Fiber-reinforced polymer (FRP) materials, particularly carbon fiber (CFRP) and glass fiber (GFRP) systems, are modern materials that have proven effective in enhancing the mechanical performance of timber structural elements. Such reinforcements can significantly improve the load-carrying capacity of structural elements by increasing the compressive strength and stiffness of wood (Fiore et al. 2015; Lengyel and Saad 2022).
Recent studies have revealed that timber structural elements reinforced with CFRP and GFRP materials exhibit significant improvements, particularly in flexural and compressive strength (Chen et al. 2025). These reinforcements offer an effective method for overcoming wood’s inherent mechanical limitations and are also applicable to the rehabilitation of historic structures (Raftery and Harte 2011; Fiore et al. 2015; Bal and Büyüksarı 2019).
The use of FRP materials in historic buildings is less invasive than traditional reinforcement methods and offers advantages with respect to preserving the authenticity of the structure (Atilgan and Kocaer 2025). In this context, CFRP and GFRP materials stand out as effective methods for increasing the strength of the load-bearing elements of historic wooden structures (Triantafillou 2001).
Wood is a preferred construction material among architects and engineers because its benefits far outweigh its disadvantages. Its advantages include easy accessibility, sufficient strength while being lightweight, low transportation costs, practical assembly, simple interlocking mechanism, resistance to chemical effects, and ease of shaping it to the desired form on site (Çalışkan et al. 2019).
Furniture has been produced in various forms for centuries (Eckelman 1966). (Eckelman 1966). Wood, with its natural structure, environmental friendliness, and historical significance, has been a building material used in the construction industry for centuries. In traditional Turkish architecture, wood has been widely preferred both as a load-bearing material and as an aesthetic element (Aydınoğlu 2018).
In the research conducted by Çiğdem and Perçin (2022), the physical and mechanical properties of laminated composite samples produced from beech wood reinforced with glass fiber and carbon by phenol-formaldehyde (PF) adhesive and heat application were investigated. Accordingly, the wood materials were heat-treated for 3 h at temperatures of 150, 175, and 200 °C, and then test samples were prepared. The test results showed that the flexural strength and modulus of elasticity in bending of the samples reinforced with glass fiber and carbon increased. Furthermore, significant changes were observed in the compressive strength values parallel to the fibers, depending on the type of reinforcing material and the heat treatment temperature, and reductions in the adhesion value parallel to the fibers was observed. The test samples reinforced with carbon fiber exhibited higher bending strength and modulus of elasticity in bending than the glass fiber-reinforced samples, while the compressive strength values parallel to the fibers and the adhesion strength values parallel to the fibers were lower.
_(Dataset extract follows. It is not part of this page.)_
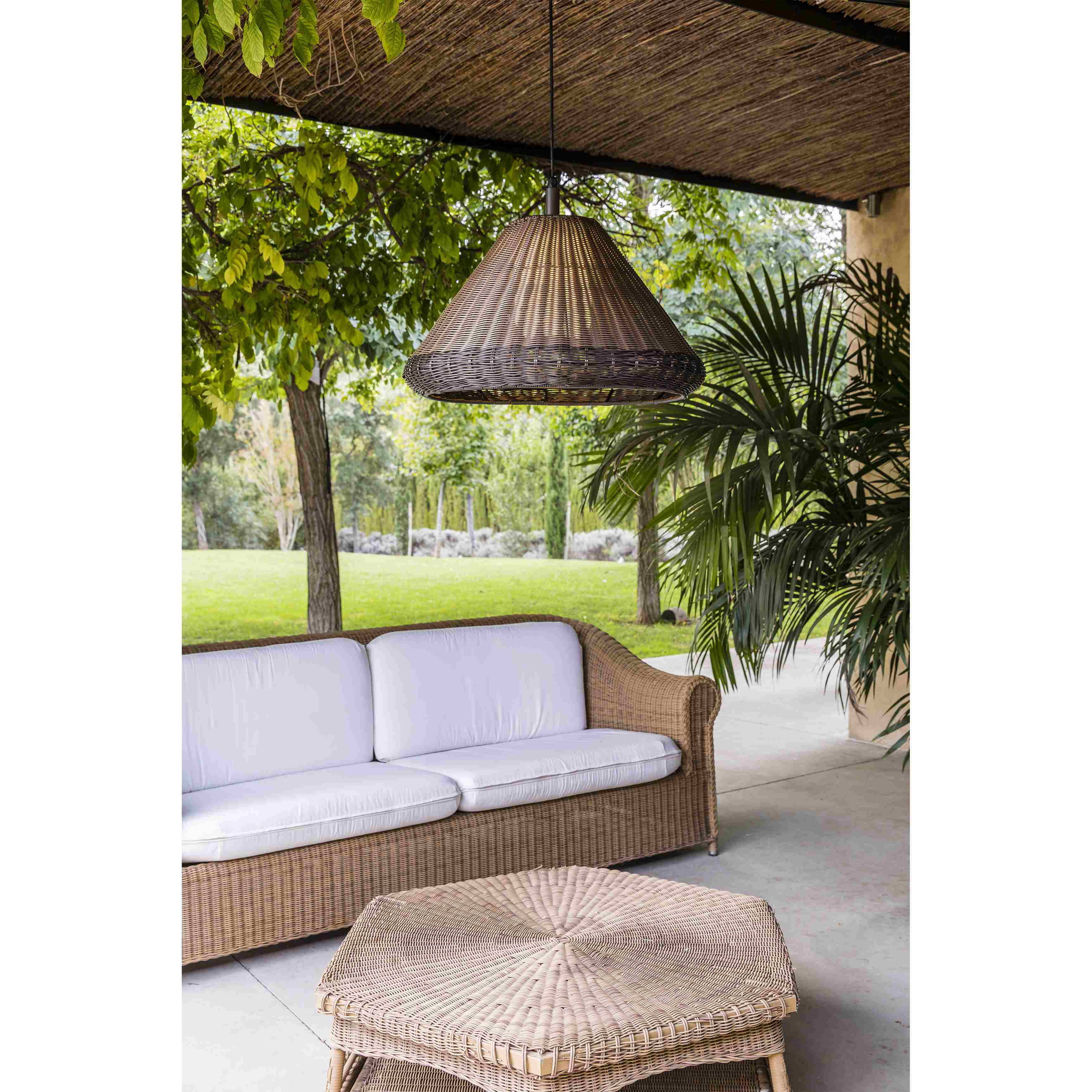 Подвесной светильник из коллекции SAIGON OUT от Faro Barcelona имеет стильный конусный абажур коричневого цвета, выполненный из синтетической лозы. Этот светильник оснащён патроном E27 для ламп мощностью до 15 Вт, включая энергоэффективные LED-лампы. Светильник создаёт мягкое, рассеянное освещение, подходящее для наружных пространств, таких как террасы или веранды. Алюминиевый корпус и ПЭМД рассеиватель обеспечивают долговечность и защиту от внешних воздействий. Длина кабеля 1,2 м даёт гибкость в размещении светильника, а степень защиты IP44 защищает от влаги и пыли. Элегантный и современный дизайн добавляет светильнику универсальности, позволяя ему органично вписываться в различные ландшафтные и архитектурные решения.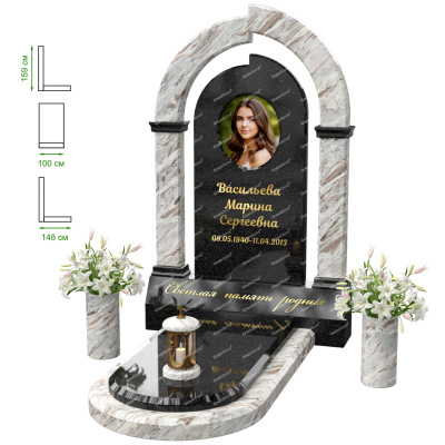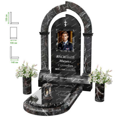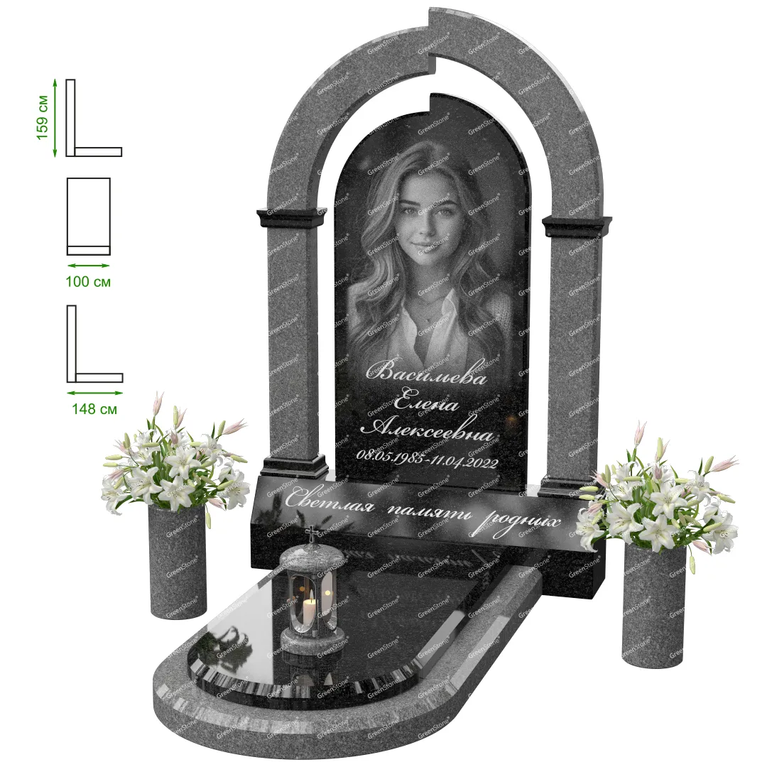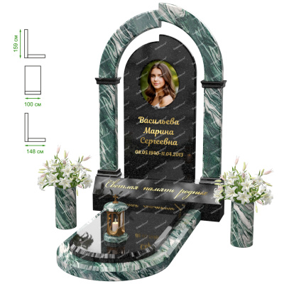 Визуально комплекс отличается от типовой формы не только формой, но и размерами. Массивная стела позволяет дизайнеру реализовать практически любые задумки и пожелания Заказчика, придать готовому изделию солидный вид, раскрыть все достоинства использованного в его изготовлении гранита. Такой габаритный памятник требует профессиональной доставки и установки. Все это также можно заказать в мастерской Грин-Стоун.

Wood has been used as a primary material in the construction industry throughout history. Laminated timber products are preferred in modern construction due to their high strength and aesthetic appeal (Keskin 2001). Laminated timber consists of layers with parallel fibers bonded together, a configuration that enhances the material’s mechanical properties (TS EN 386 1999).
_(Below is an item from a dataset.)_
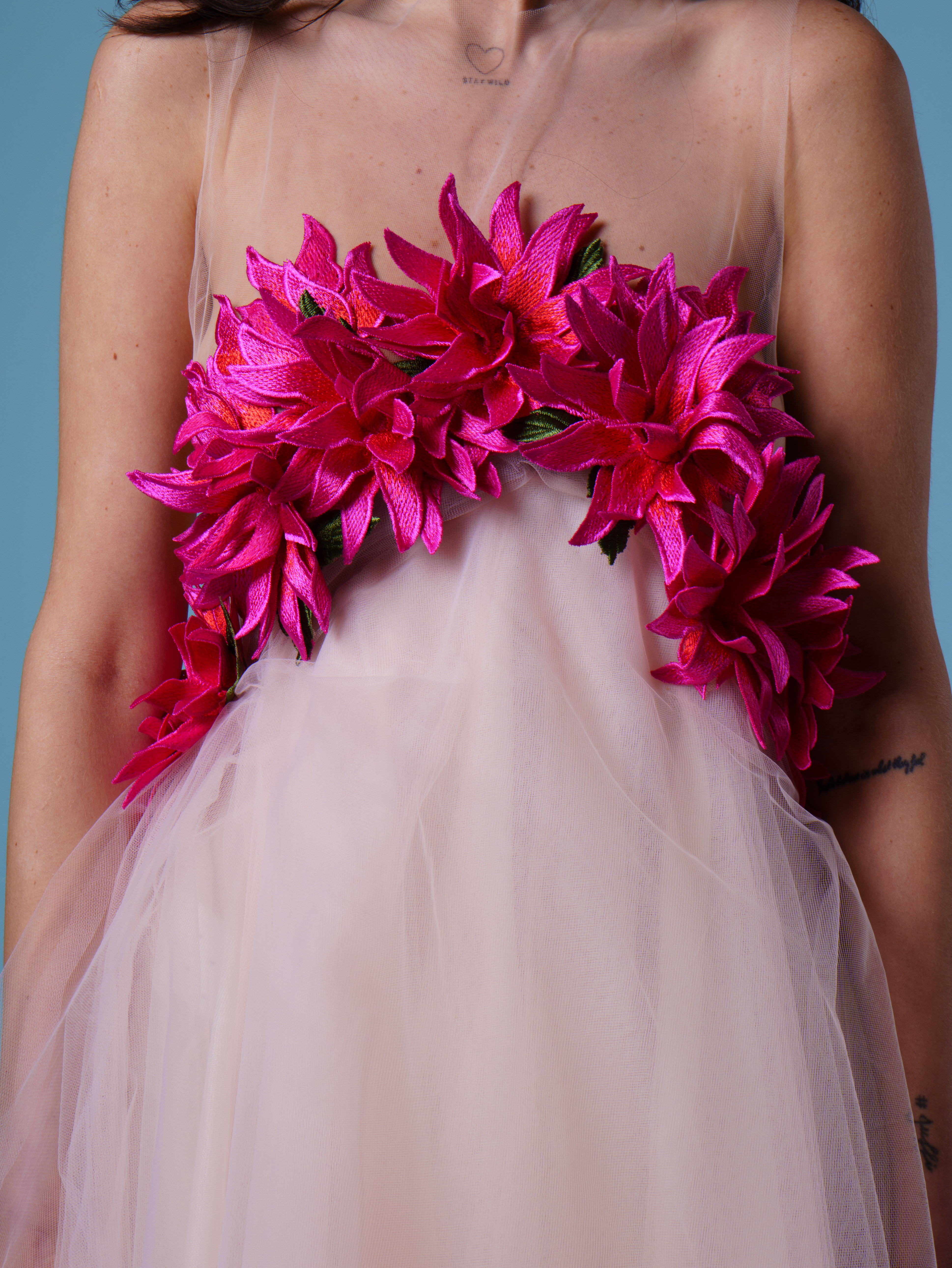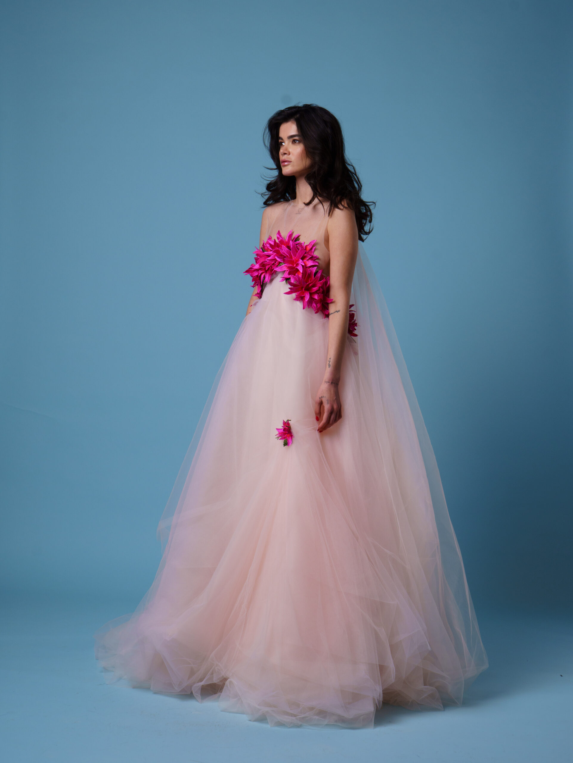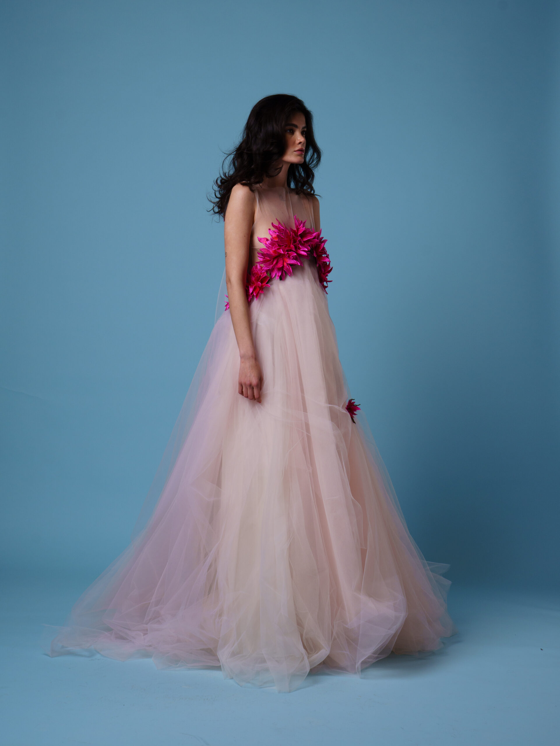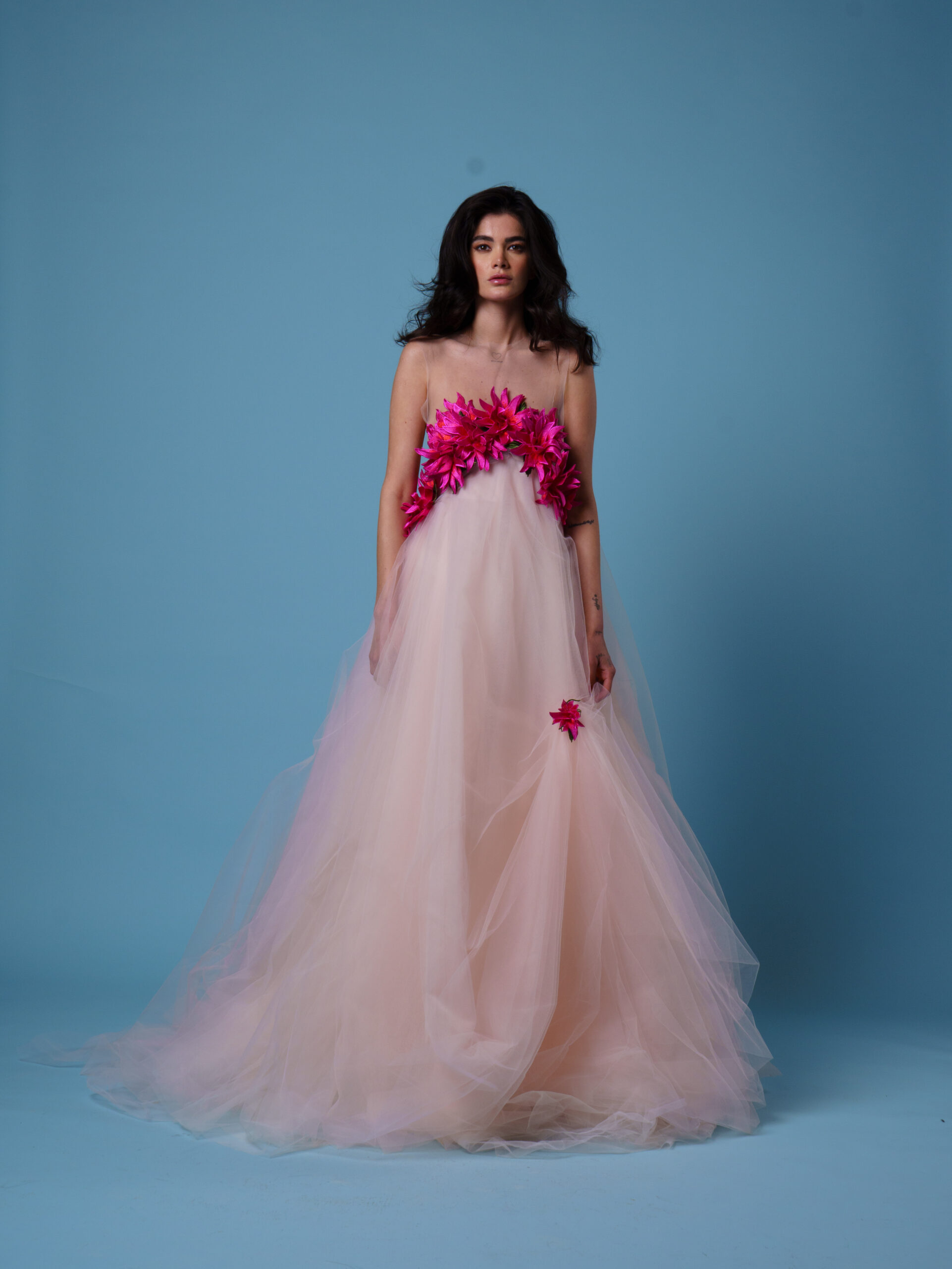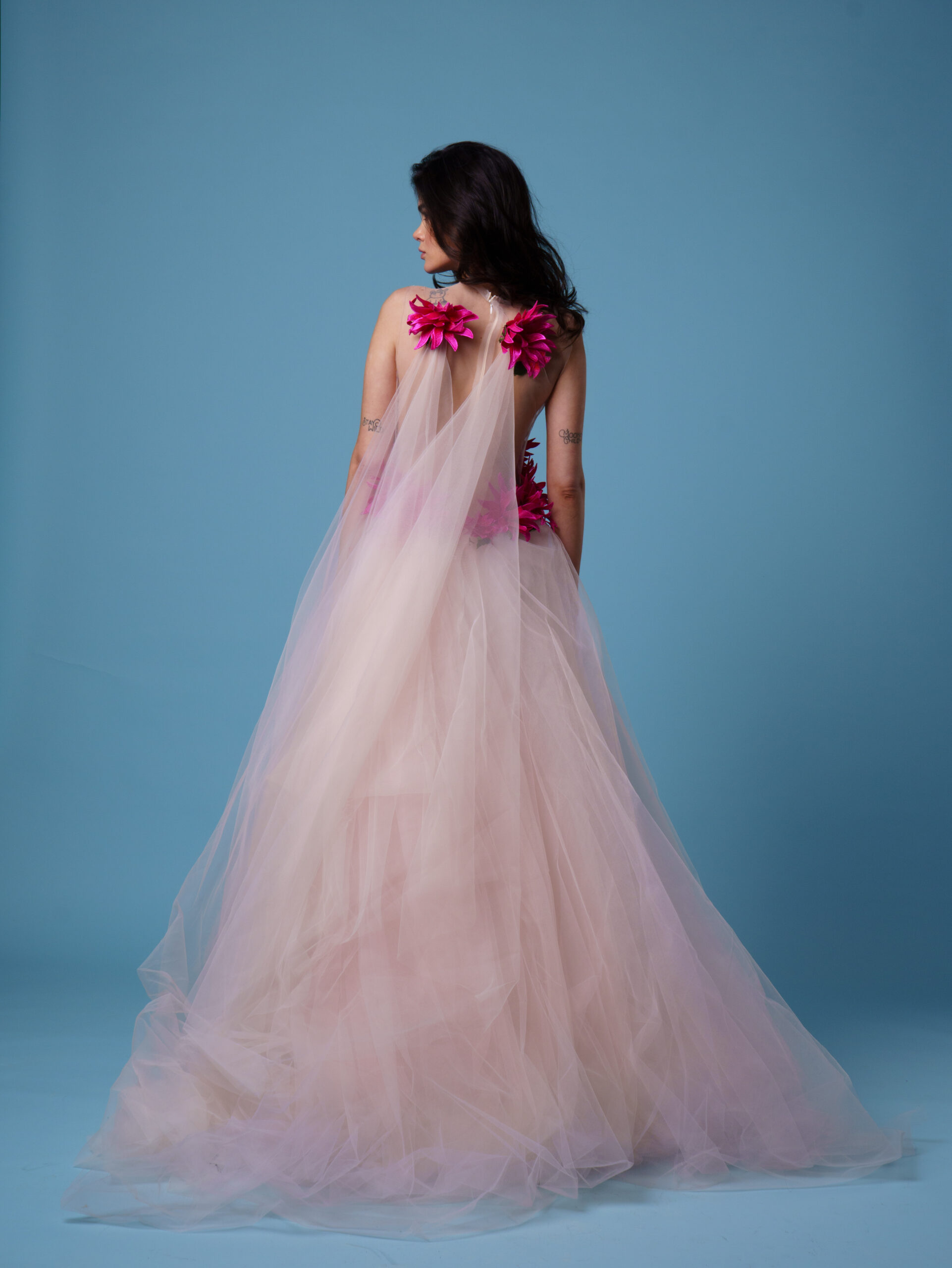 "Rosalie" is where romance meets art. This gown is an ethereal cascade of blush tulle, brought to life by vivid fuchsia floral appliqués that dance across the bodice like a garden in full bloom

The mechanical properties of wood, particularly compressive and flexural strength, are critical to the performance of structural elements. These properties vary as a function of grain orientation, moisture content, and the type of adhesive used (Usta 2018; Meriç 2019). Pressure applied parallel to the grain determines wood’s load-bearing capacity, while pressure applied perpendicular to the grain affects the material’s crushing resistance (Erkoç 2004).
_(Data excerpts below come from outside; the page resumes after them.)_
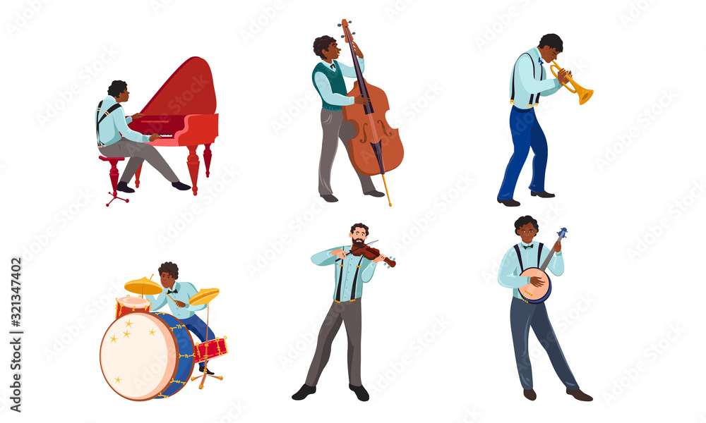 Samolepka Set of jazz band musicians playing instruments vector illustration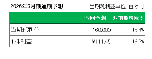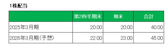 最後に配当性向40%以上としている年間配当については、2026年3月期年間(予想)配当は12.5%増配の45円(配当性向40.4%)、27期連続増配を見込んでおり前回予想から修正はありません。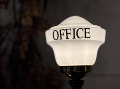 オフィスサインを貼ったガラスシェードを装備。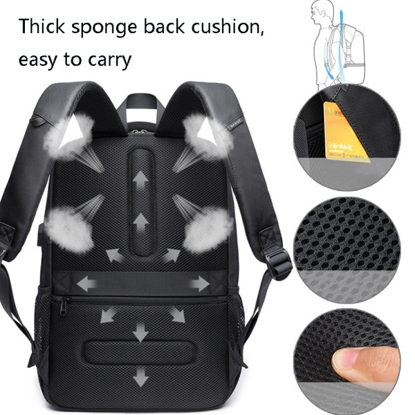 BANGE BG-1921 College Student Schoolbag Waterproof Business Computer Backpack with External USB Charging Port(Black)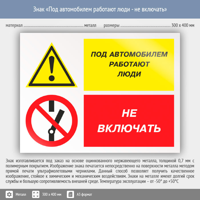 Знак «Под автомобилем работают люди - не включать», КЗ-65 (металл, 400х300 мм) в Ачинске купить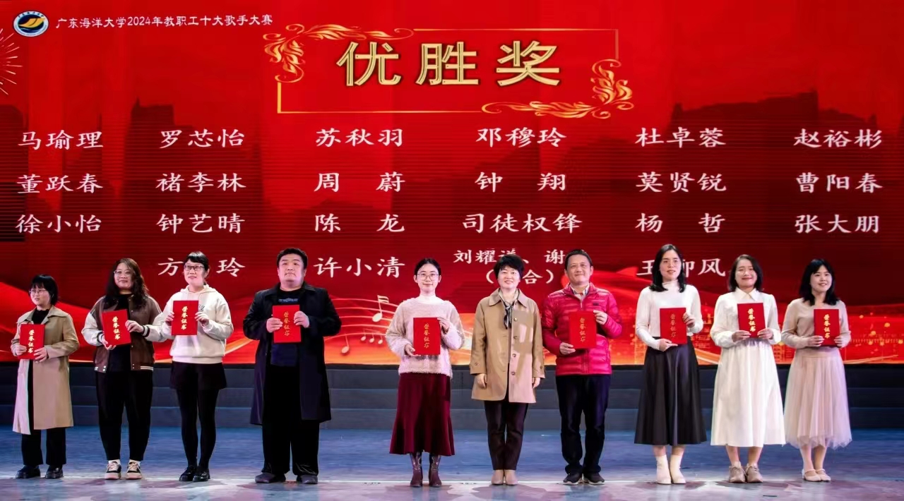 为进一步激发我校广大教职工的爱国爱校热情与工作激情,喜迎学校90周年华诞,12月26日,由学校教育工会主办的“喜迎海大90华诞·2024年教职工十大歌手大赛”总决赛在湖光校区中歌实验剧场举行。自慰视频工会在本次活动中荣获“优秀组织奖”本次比赛得到了广大教职工的热烈响应,教职工们踊跃报名参加比赛。经过激烈角逐,自慰视频工会会员孙一方老师荣获亚军,张大朋老师、褚李林老师获“优胜奖”

The demand for sustainable and environmentally friendly building materials is increasing. Wood stands out in this area due to its low carbon footprint and its renewable resource status (Somer 2010). In addition, wooden structures are highly energy efficient and have the potential to reduce greenhouse gas emissions (İMO 2011).
Several studies have investigated reinforced wood materials. In a study conducted by Bollmus et al. (2020) the effects of different chemical modification agents (melamine-formaldehyde, phenol-formaldehyde, etc.) and various concentrations (0.5%, 5%, and 20%) on dynamic bending (impact bending strength) and tensile strength were investigated. Consequently, the modification generally reduced the strength under bending impacts; significant decreases were observed even at particularly low concentrations.
A study by Gaff et al. (2016) examined the effects of board thickness, adhesive type (PVAc and PUR), densification, and cyclic loading on European beech (Fagus sylvatica) and birch (Populus tremula). The results demonstrated that wood type and structural configuration (laminated vs. monolithic) affect impact bending strength (IBS) values (Gaff et al. 2016). Susainathan et al.’s 2025 study investigated changes in impact energy absorption, impact bending stiffness, and peak force of structures with a plywood core and a flax/epoxy coating change under increasing impact energy level. An increase in impact resistance due to the composite was reported (Susainathan et al. 2025).
Doğan’s 2020 study compared impact energy absorption, bending, and compression strength of carbon/epoxy-coated sandwich structures with different core materials (e.g., wood). Both impact and static (flexural and compression) tests were performed (Doğan 2020). In the cited study, the compressive strengths of wood samples reinforced with glass fiber and carbon fiber fabrics were investigated, and the resulting data were used to evaluate the applicability of these methods for strengthening of vertical load-bearing elements in historical buildings.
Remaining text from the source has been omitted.